Naomi Heaton is chief executive of UK real estate investment advisory London Central Portfolio Limited. Dubbed "property queen" by the London Evening Standard, Naomi set up one of the first buying agents in the UK and was a pioneer of residential property funds targeting central London's rental sector, including the UK's first sharia-compliant residential fund.

== Early career ==
Naomi Heaton joined advertising agency Leo Burnett after graduating from Oxford University in 1977 with an MA(Hons) in Human Sciences. After moving to Saatchi & Saatchi in 1982 she became a board director in 1984. A further move to Young & Rubicam saw her appointed as main board director from 1985–1986.

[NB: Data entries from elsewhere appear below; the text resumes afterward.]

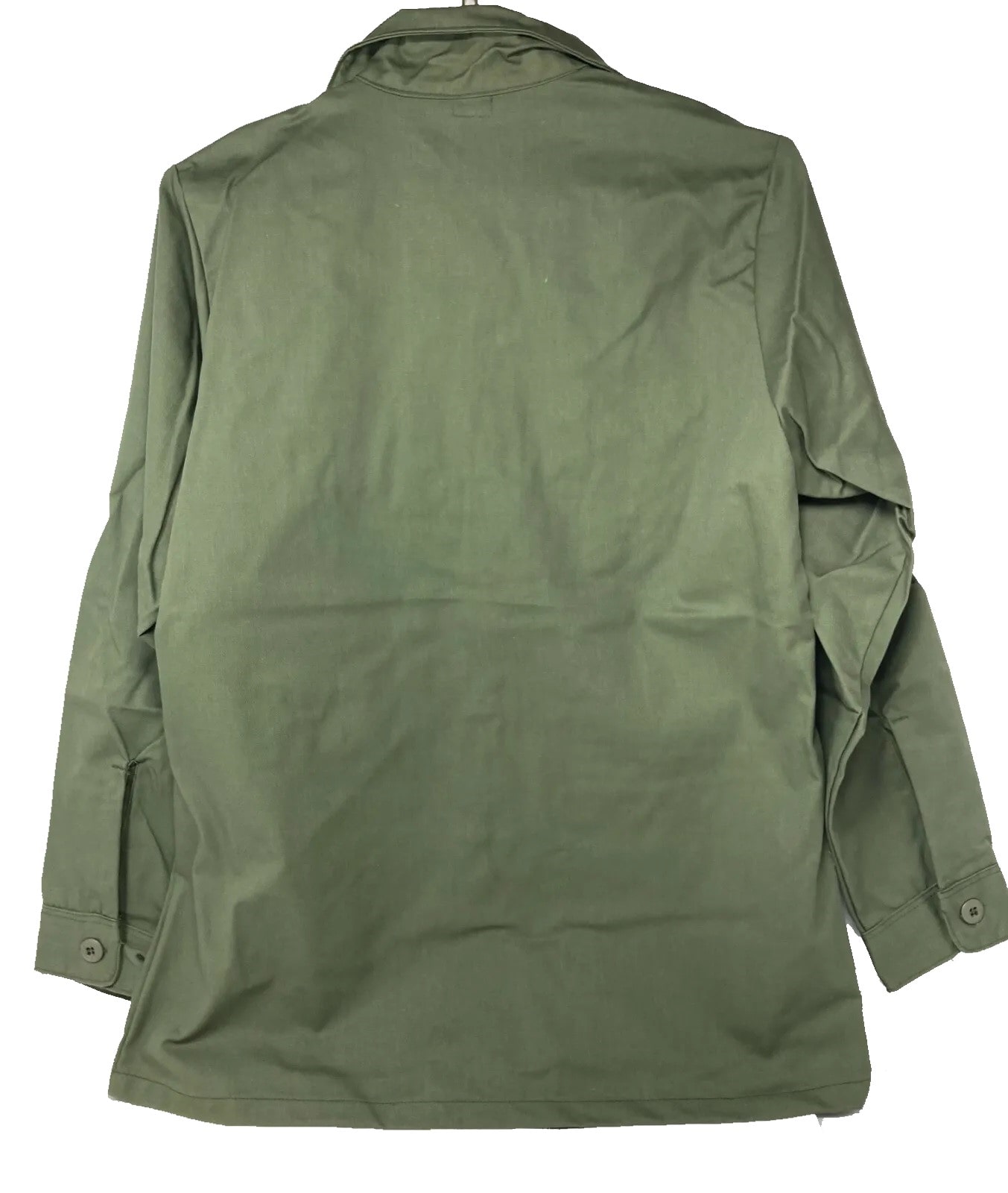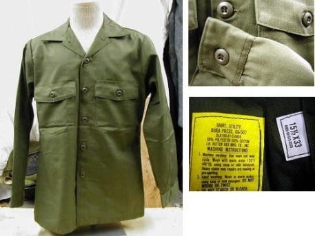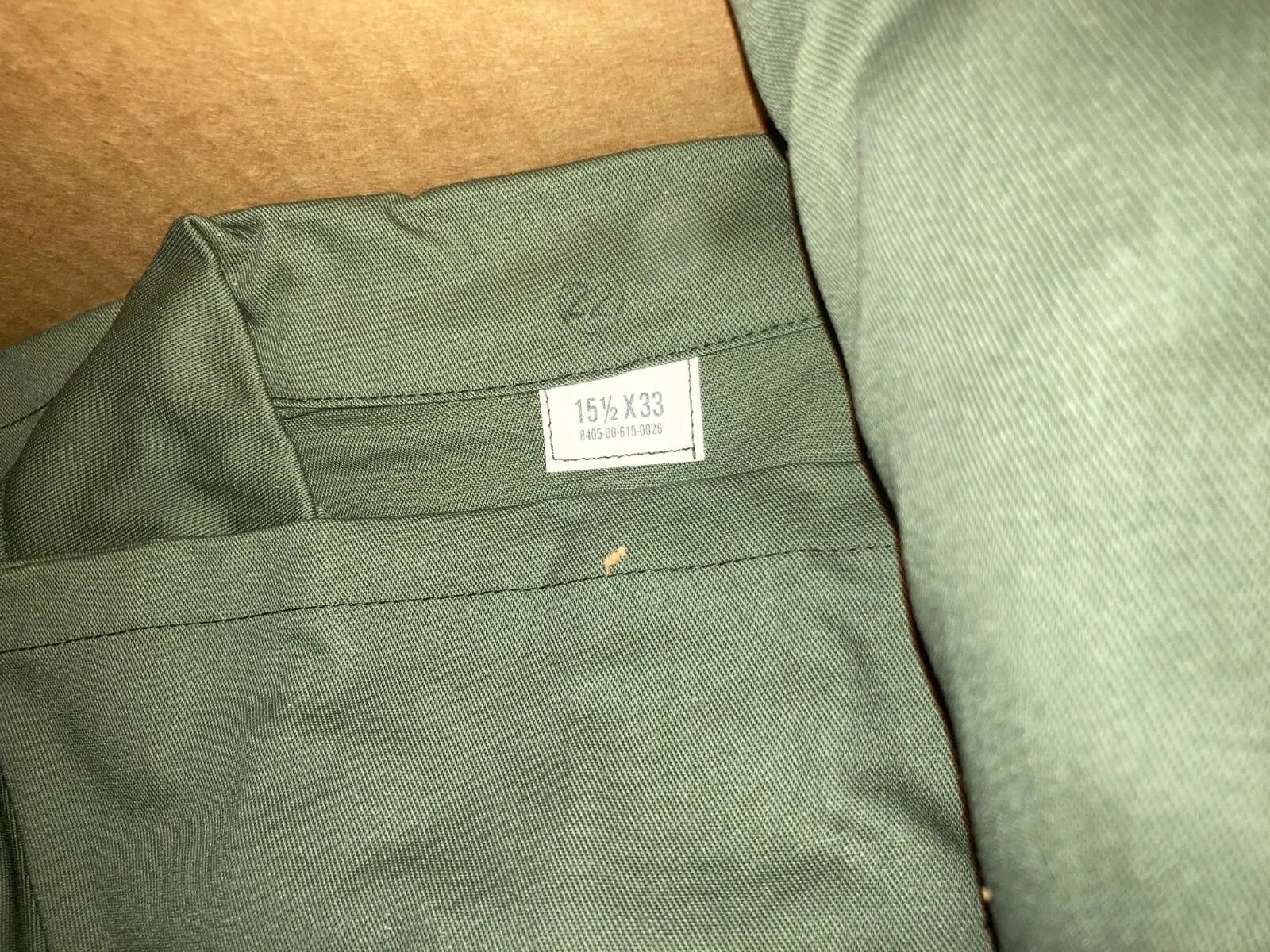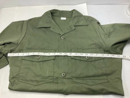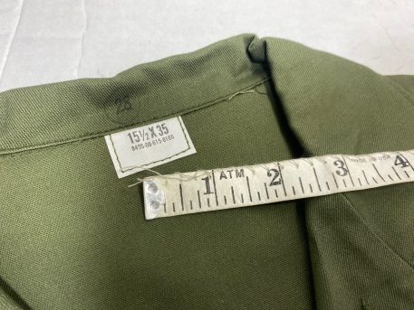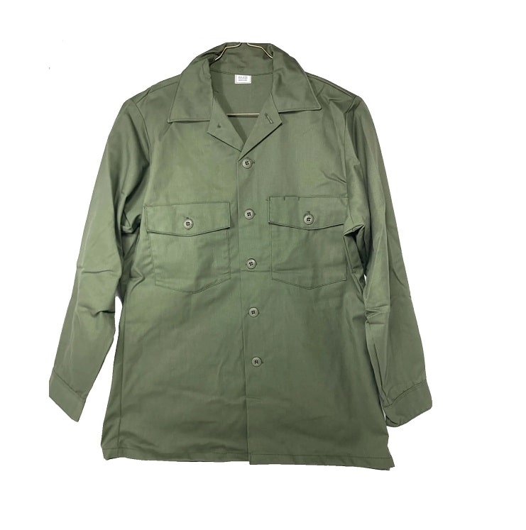 The 2-pocket shirt, olive drab. All original new surplus. OG-507 Measurement is by neck size (15 1/2) and neck to sleeve length, 33 inches or 35 inches. Armpit to armpit about 21 1/2 to 22 inches. Approx.
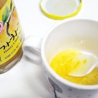 ティースプーン3〜4(20g)程度のゆず茶を湯呑みに入れ、お湯を約80ml入れよく混ぜてからお飲みください。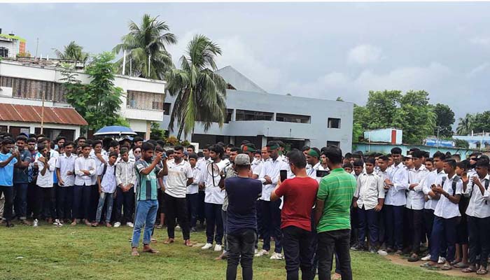 রোববার বেলা ১১ টায় ওই বিদ্যালয়ের সম্মূখে দাবীসমুহ পাঠ করেন প্রাক্তন ছাত্র ও বাংলাদেশ জাতীয় ফুটবল দলের খেলোয়াড় আলমগীর হোসেন। এরপর ছাত্ররা বিদ্যালয়ের সহকারী প্রধান শিক্ষকের হাতে স্বারকলিপি প্রদান করেন। এ সময় শিক্ষকদের পক্ষে বক্তব্য রাখেন, সহকারী প্রধান শিক্ষক মাও. রুহুল আমিন ও আজিবর রহমান।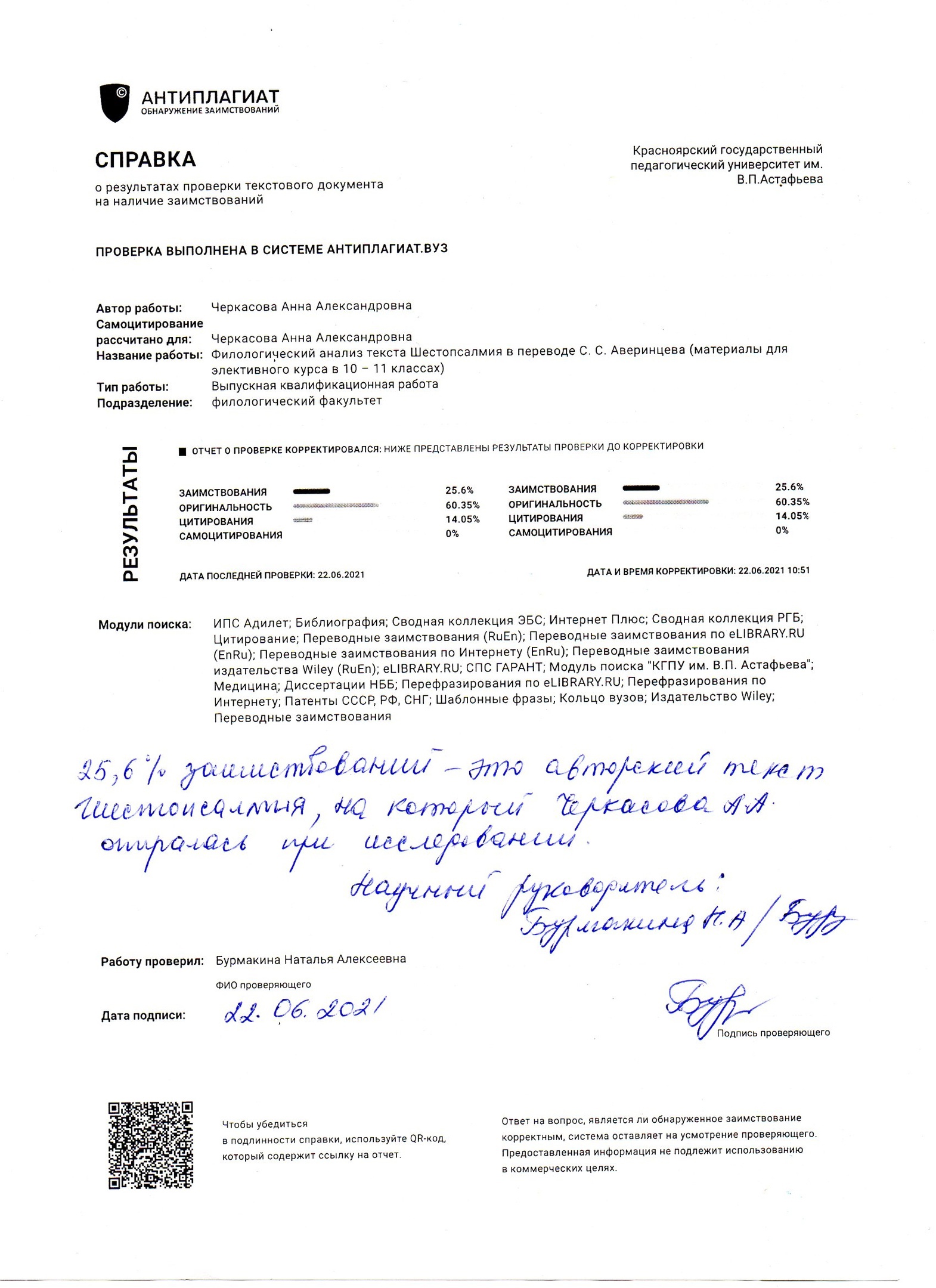 Черкасова А.А. Филологический анализ текста Шестопсалмия в переводе С. С. Аверинцева (материалы для элективного курса в 10 – 11 классах)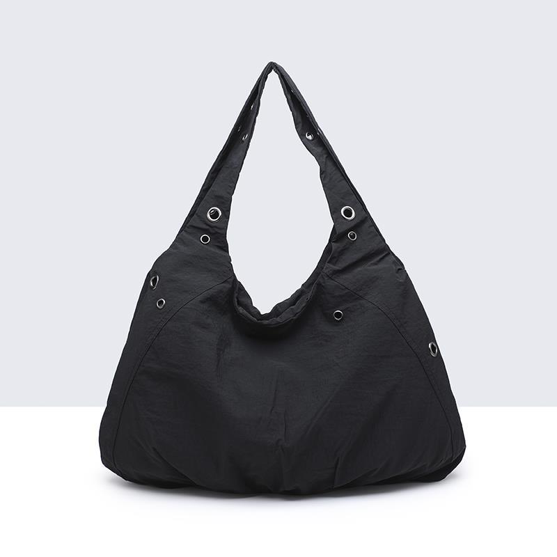 Bolso ultraligero con asa al hombro y detalle de arandelas plateadas. Cierre mediante cremallera. Bolsillo interior y exterior con cremallera.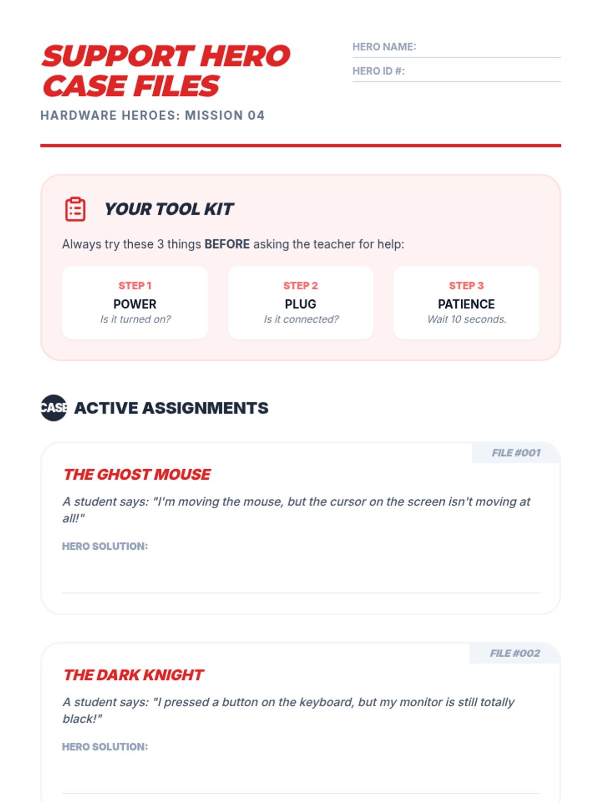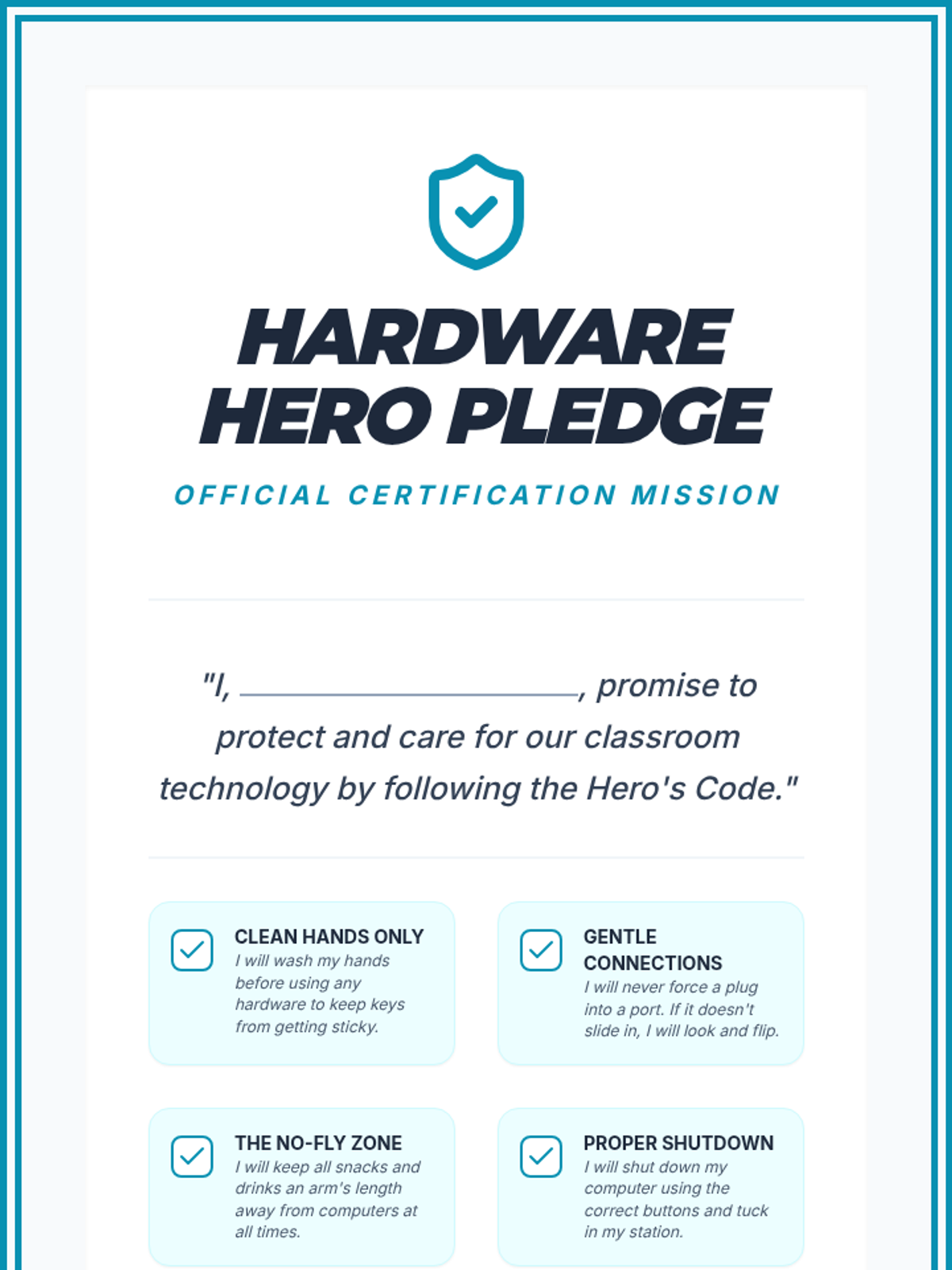 A comprehensive introduction to computer hardware for 3rd graders, covering identification, connectivity, ergonomics, troubleshooting, and device care. Students become 'Hardware Heroes' as they learn to navigate and maintain technology independently.

== Founding London Central Portfolio and the LCP group of companies ==
Naomi bought her first property—a garden flat in Camden Town—at age 26 and began buying, renovating and selling property on for profit as a hobby while she pursued her advertising career. Feeling that there were no real challenges left for her in advertising, and recognising a gap in the market for assisting investors like herself in the London real estate market, she established London Central Portfolio (LCP) in 1989 to provide a full asset management service including property finding, refurbishment and lettings. She is director and chief executive, as well as holding directorships on further LCP group companies established in 2013–2014 and a number of listed property funds.

== Other activities ==
Naomi is considered a property investment expert and has appeared on international media including BBC Radio 4's Today Programme, BBC Radio 5 Live, Sky News and Reuters. In 2017 she was named as one of London's top 50 CEOs by Citywealth, as London's top buying agent by Spear's, and as one of Debrett's people of today. She regularly speaks at real estate and Islamic finance conferences.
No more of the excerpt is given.